The city has arranged tens of thousands of cots in two convention centers as quarantine centers. The convention centers were designed for people to visit for only a few hours at a time and lack showers. People facing long confinements in these locations, with sometimes limited medical care, must try to wash themselves at sinks and basins.

Western health experts have warned of a risk of cross-infection for those in confinement.

All of Shanghai has been locked down since April 1. The eastern third of the city has been locked down even longer — since March 28.

The State Department’s voluntary departure policy covers all U.S. nonemergency government employees in Shanghai, a category that includes many Chinese nationals as well as U.S. diplomats. The U.S. Consulate in Shanghai had no immediate details on how the departure would be administered.

Almost all international flights to and from Shanghai have been halted. Many roads to the city’s two airports have also been closed. Other cities in China, notably Beijing, have been reluctant to accept travelers from Shanghai and have been requiring them to spend as long as two weeks in isolation if they do come.

Shanghai performed PCR tests on 25.67 million people Monday — essentially everyone in the city. But it has struggled to analyze so many test results and has not allowed residents even to go to grocery stores in the meantime. The national government has sent in 2,000 military medics and 10,000 medical workers from other provinces to help.

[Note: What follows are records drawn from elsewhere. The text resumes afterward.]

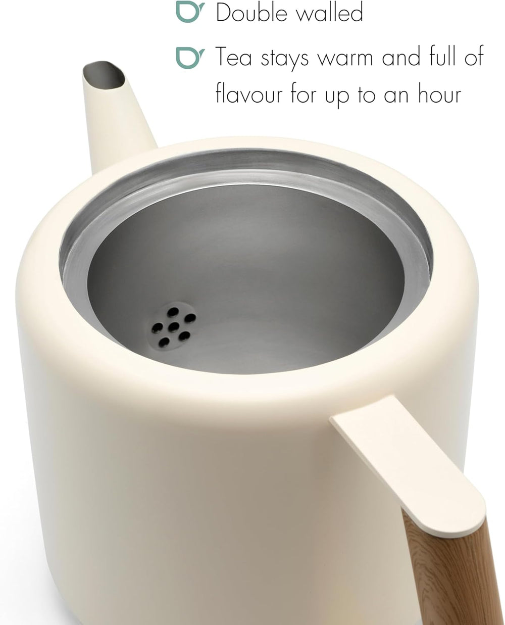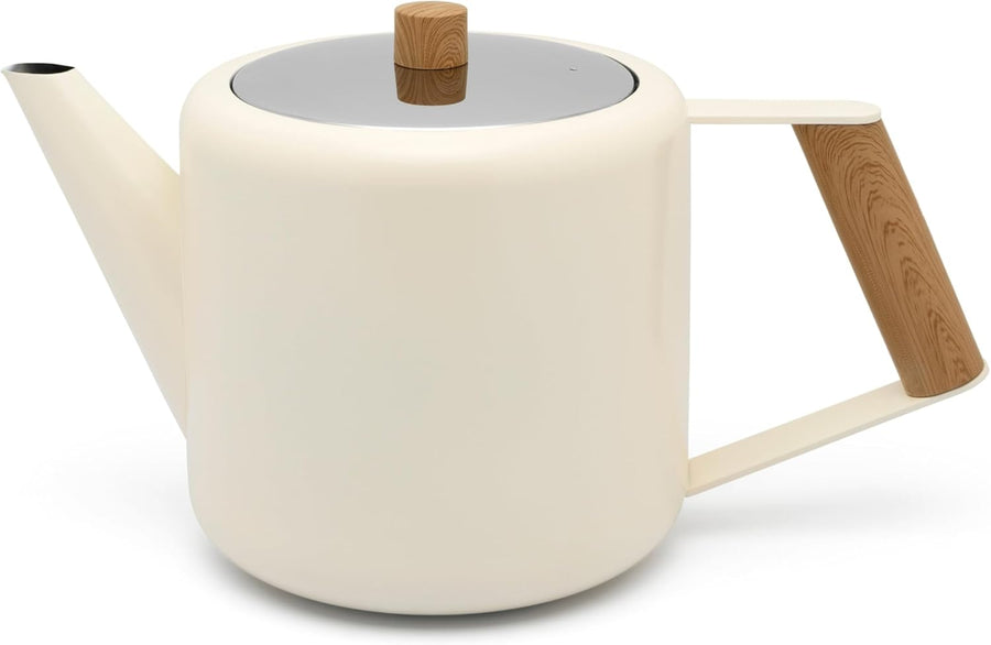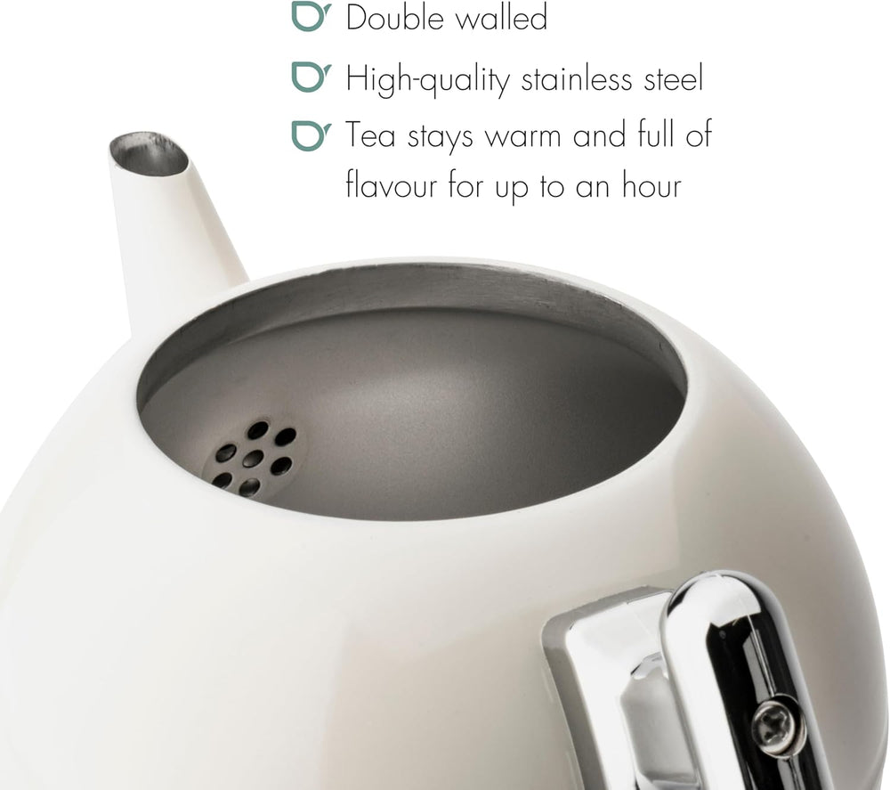 doppelwandige Creme-weisse Edelstahl Teekanne 1.1 Liter - isolierende Kanne für längeren Teegenuss 1
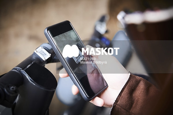 Kille scannar in QR-kod på elscooter med mobilkamera
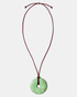 A soft green howlite pendant anchors this relaxed design—perfect for laid-back summer days. With a 5 cm circular form and a rich burgundy cord, it's calm, earthy, and effortlessly wearable.
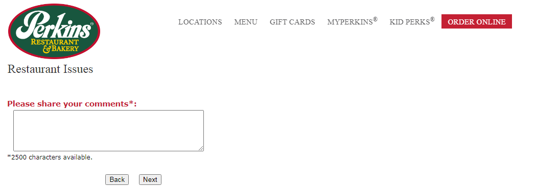 - And. if you select the second line then enter your experience in some words ( around 2500 ) about how you feel after dining at Perkins Restaurant.
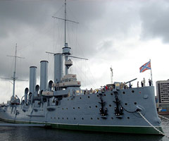 The Cruiser Aurora, moored at Petrovskaya Embankment, in front of the Naval School named after Admiral Pavel Nakhimov, is not only a monument to Russian shipbuilding, but also a symbol of the Soviet epoch.
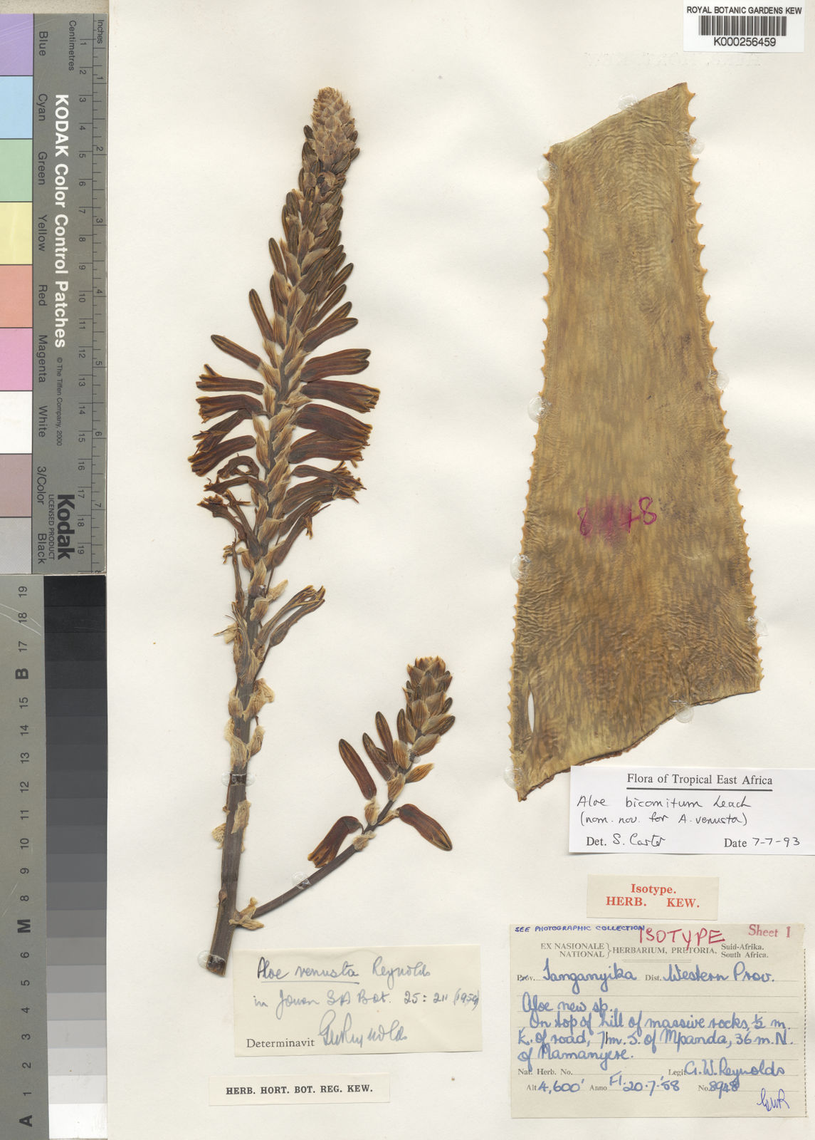 Aloe bicomitum 是一种东非原生的耐旱多肉植物,属于芦荟属(Aloe)和天门冬科(Asphodelaceae)。它由植物学家 Leslie Charles Leach 于 1977 年描述发表,并在多个权威植物资源中被收录为有效学名。其种加词 bicomitum 来自拉丁词根,意为“双伴随”,是为了纪念早期植物学探索者的合作精神。(Aloe bicomitum 是坦桑尼亚与赞比亚等东非地区耐旱生态系统的一部分)。
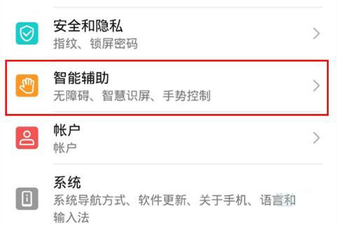 2、在设置菜单下找到并点击打开【智能辅助】。
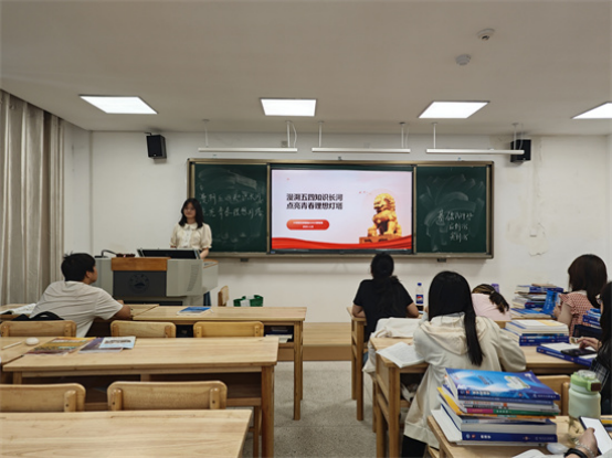 在教学楼B502,基础A2422班团支书蔡若梅同样采用 PPT 的形式为大家进行了细致讲解。本次讲解以沉浸式知识学习为核心,通过组织同学们观看《觉醒年代》中与五四相关的经典片段,生动重现了那段波澜壮阔的历史画卷,让同学们深刻感受到了先辈们滚烫的爱国热忱与不屈的奋斗精神。在交流环节,同学们积极分享各自的青春理想,并结合自身专业深入探讨如何将个人成长融入国家发展的宏伟蓝图之中,现场氛围热烈且富有成效。
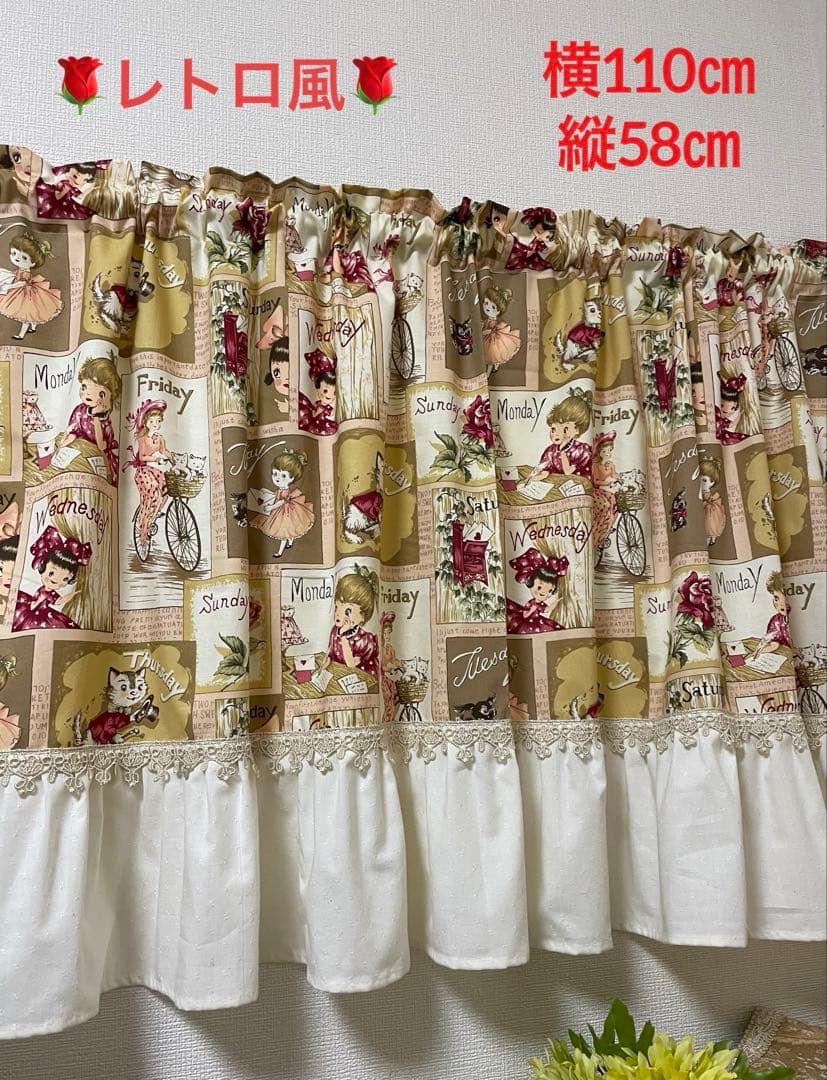 ☆フリルカフェカーテン・RETRO WORLD by YUWA・コットン生地☆
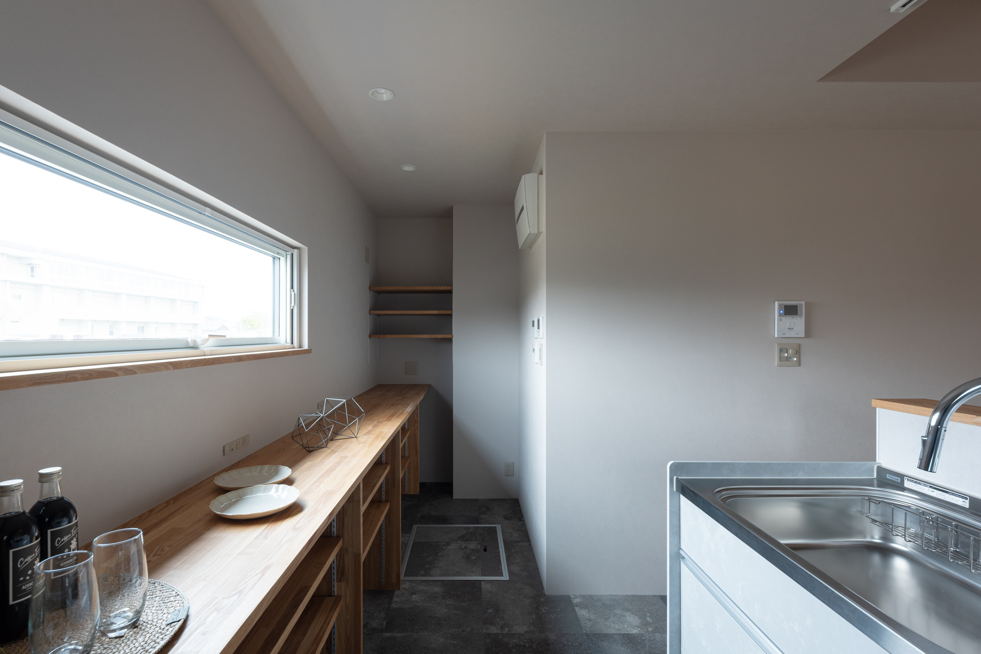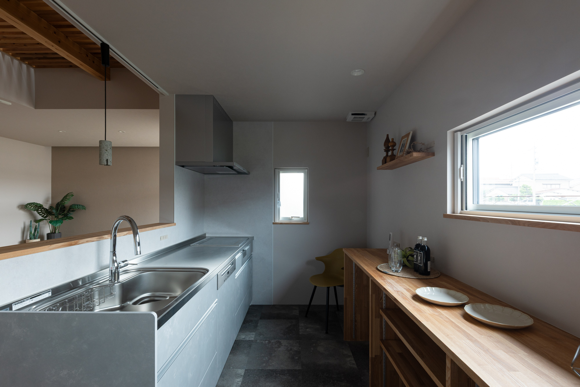 キッチンは既製品のカップボードをあえて用いず、造作のオープン棚としてあります。
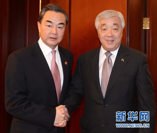 ??? 12月15日,陪同李克強總理訪問哈薩克斯坦的外交部長王毅應(yīng)約會見哈薩克斯坦外長伊德里索夫。 新華社記者 沙達(dá)提 攝
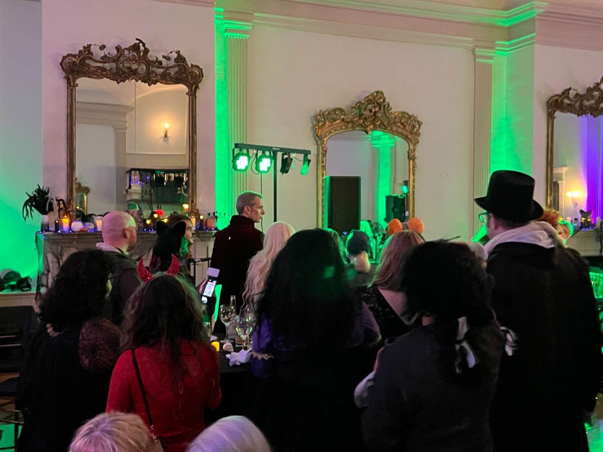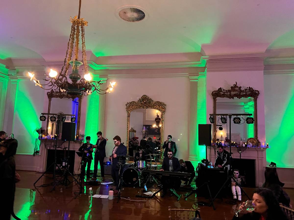 After the tour, it was time for the “Black Flame Ball," a 3-hour party at Hamilton Hall that featured a live band dressed like skeletons, just like the Halloween party the Dennisons went to.
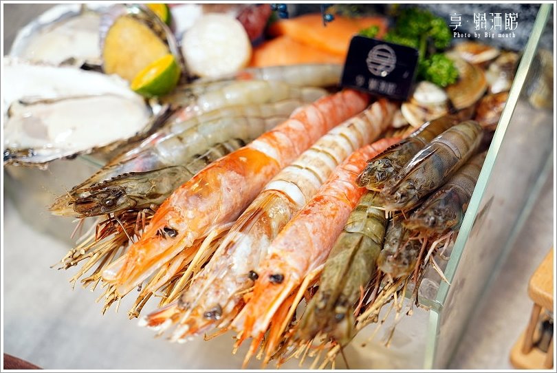 ▼裡頭除了有明蝦、天使紅蝦、大草蝦、藍鑽蝦、白蝦之外,還有廣島牡蠣、大蛤蜊、干貝、透抽、鯛魚、鱸魚、鮭魚等,種類多元又豐富!綜合海鮮拼盤搭配獨特擺飾,看起來好像藝術品般讓人捨不得吃啊!
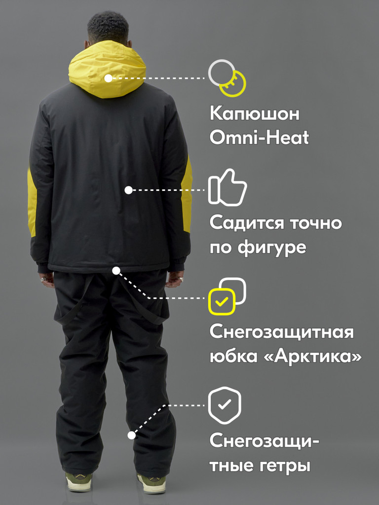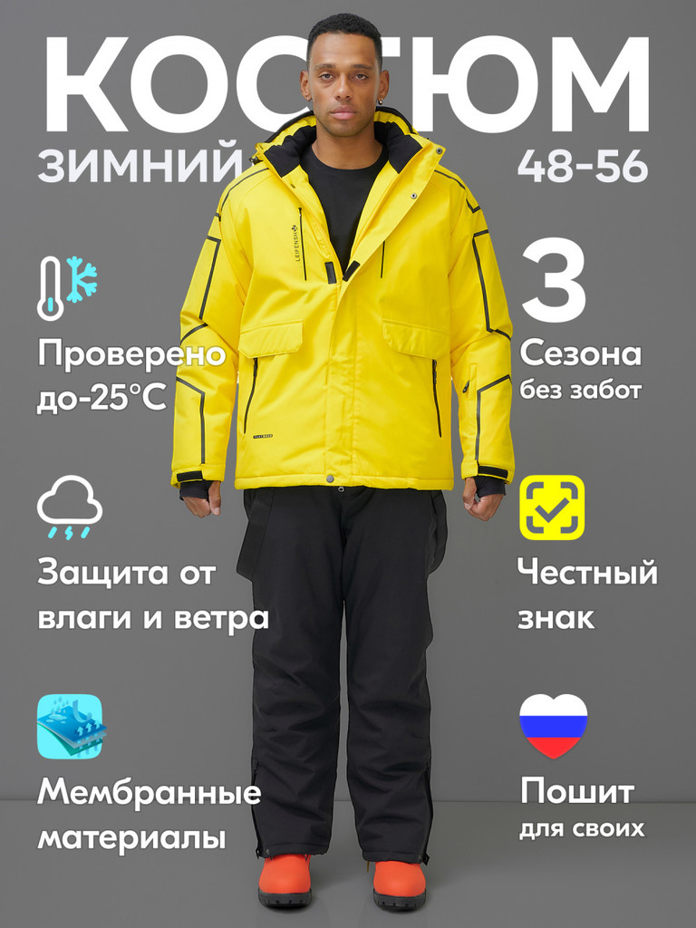 Горнолыжный костюм мужской зимний желтого цвета 02381J Вопросы по товару
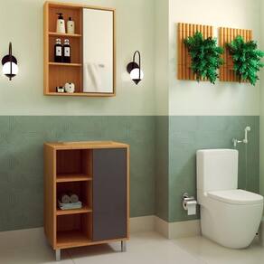 O Conjunto CJ7250 da Milani Store é a solução para transformar seu banheiro com estilo e funcionalidade. A Espelheira conta com uma porta de correr, espelho integrado e 6 nichos, oferecendo organização e elegância ao ambiente. Já o Gabinete também possui uma porta de correr, oferece espaço interno e design moderno, garantindo praticidade. Este conjunto é ideal para otimizar e valorizar o seu ambiente. Este móvel chegará na sua casa separado em 02 volumes.
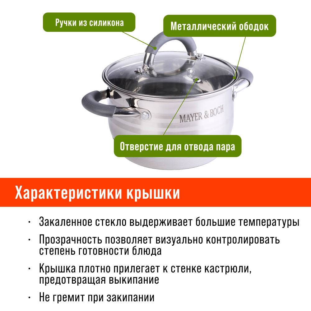 СохранитьКастрюля нержавеющая сталь со стеклянной крышкой 3,9 л / для всех видов плит, в т.ч. для индукционных / Mayer&Boch интересное:
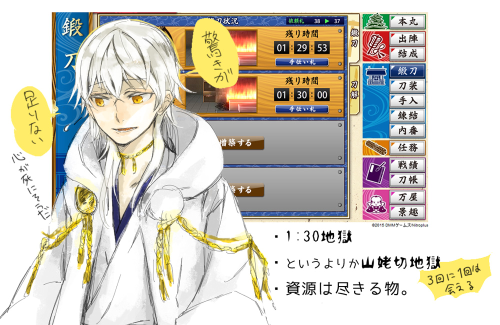 小狐丸も鶯丸も三日月さんも居ない我が本丸ではどんなレシピで挑もうが打刀ばかり、それもなぜか山姥切国広ばかりが鍛刀されすぎて山姥切で1ページ半埋まるほどに事態が深刻化。あまりに新顔がやって来ないことにより退屈を持て余した鶴丸(近侍担当)と 無為に資源を溶かし続ける審神者の心は次々死んでいく。そんな1週間。
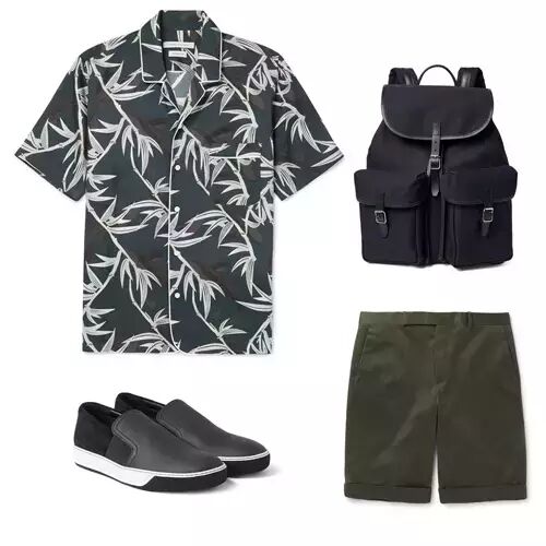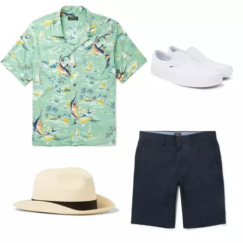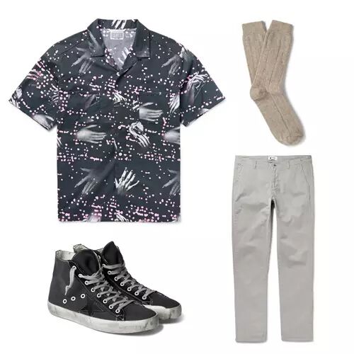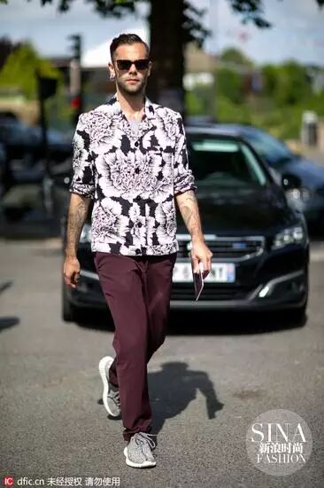 首先要说,也是印花衬衫最基本的穿法就是,在穿这种有复杂印花的衬衫时一定要选择搭配简单的裤子,并且最好是深色系,这样才不会形成头重脚轻的感觉。而且在选择鞋子的时候,要么是深色,比如黑色或是棕色,要么是选择和衣服相同颜色的鞋子,这样才不会把自己穿成一个花蝴蝶。

China has been leery of abandoning its “COVID zero” policy. As of March 17, only 19% of Chinese citizens 80 or older had received three vaccine shots. Research at Hong Kong University has indicated that three shots, including a booster, are needed of the inactivated vaccines developed in China in order to achieve strong immunity.

China has been discussing for two years whether to import mRNA vaccines but has not yet done so.